What you need to do:
With the line that contains "高松市の不用品回収・粗大ごみ" as the first line, output exactly every line through the end of the material.

Available data:
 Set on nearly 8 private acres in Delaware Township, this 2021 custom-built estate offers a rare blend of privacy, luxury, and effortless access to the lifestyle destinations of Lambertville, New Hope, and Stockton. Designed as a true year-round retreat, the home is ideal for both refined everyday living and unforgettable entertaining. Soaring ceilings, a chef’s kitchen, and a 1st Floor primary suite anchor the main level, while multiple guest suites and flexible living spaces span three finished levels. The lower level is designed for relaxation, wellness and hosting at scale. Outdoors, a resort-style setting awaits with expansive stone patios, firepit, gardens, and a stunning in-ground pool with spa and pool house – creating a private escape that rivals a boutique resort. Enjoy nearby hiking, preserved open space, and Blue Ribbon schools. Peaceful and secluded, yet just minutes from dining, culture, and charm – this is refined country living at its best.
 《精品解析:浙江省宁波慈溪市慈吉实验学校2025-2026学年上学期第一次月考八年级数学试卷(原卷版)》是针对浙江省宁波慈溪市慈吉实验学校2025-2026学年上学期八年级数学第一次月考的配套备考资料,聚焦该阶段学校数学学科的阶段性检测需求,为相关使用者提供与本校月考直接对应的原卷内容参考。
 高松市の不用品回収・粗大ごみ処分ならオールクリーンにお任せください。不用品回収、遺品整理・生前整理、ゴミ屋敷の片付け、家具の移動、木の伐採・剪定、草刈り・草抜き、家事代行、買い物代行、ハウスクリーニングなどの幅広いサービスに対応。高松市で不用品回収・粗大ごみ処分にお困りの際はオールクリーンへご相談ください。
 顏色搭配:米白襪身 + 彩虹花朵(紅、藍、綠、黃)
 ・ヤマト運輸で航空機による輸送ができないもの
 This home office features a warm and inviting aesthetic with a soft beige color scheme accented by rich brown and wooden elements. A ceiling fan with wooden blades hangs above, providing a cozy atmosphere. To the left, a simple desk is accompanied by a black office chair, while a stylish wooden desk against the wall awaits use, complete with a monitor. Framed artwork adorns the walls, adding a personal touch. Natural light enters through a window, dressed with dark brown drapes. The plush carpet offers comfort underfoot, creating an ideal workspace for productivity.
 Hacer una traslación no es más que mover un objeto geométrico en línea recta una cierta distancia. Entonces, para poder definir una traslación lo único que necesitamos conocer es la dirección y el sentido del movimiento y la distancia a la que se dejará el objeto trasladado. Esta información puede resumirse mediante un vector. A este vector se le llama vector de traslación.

Your solution:
 高松市の不用品回収・粗大ごみ処分ならオールクリーンにお任せください。不用品回収、遺品整理・生前整理、ゴミ屋敷の片付け、家具の移動、木の伐採・剪定、草刈り・草抜き、家事代行、買い物代行、ハウスクリーニングなどの幅広いサービスに対応。高松市で不用品回収・粗大ごみ処分にお困りの際はオールクリーンへご相談ください。
 顏色搭配:米白襪身 + 彩虹花朵(紅、藍、綠、黃)
 ・ヤマト運輸で航空機による輸送ができないもの
 This home office features a warm and inviting aesthetic with a soft beige color scheme accented by rich brown and wooden elements. A ceiling fan with wooden blades hangs above, providing a cozy atmosphere. To the left, a simple desk is accompanied by a black office chair, while a stylish wooden desk against the wall awaits use, complete with a monitor. Framed artwork adorns the walls, adding a personal touch. Natural light enters through a window, dressed with dark brown drapes. The plush carpet offers comfort underfoot, creating an ideal workspace for productivity.
 Hacer una traslación no es más que mover un objeto geométrico en línea recta una cierta distancia. Entonces, para poder definir una traslación lo único que necesitamos conocer es la dirección y el sentido del movimiento y la distancia a la que se dejará el objeto trasladado. Esta información puede resumirse mediante un vector. A este vector se le llama vector de traslación.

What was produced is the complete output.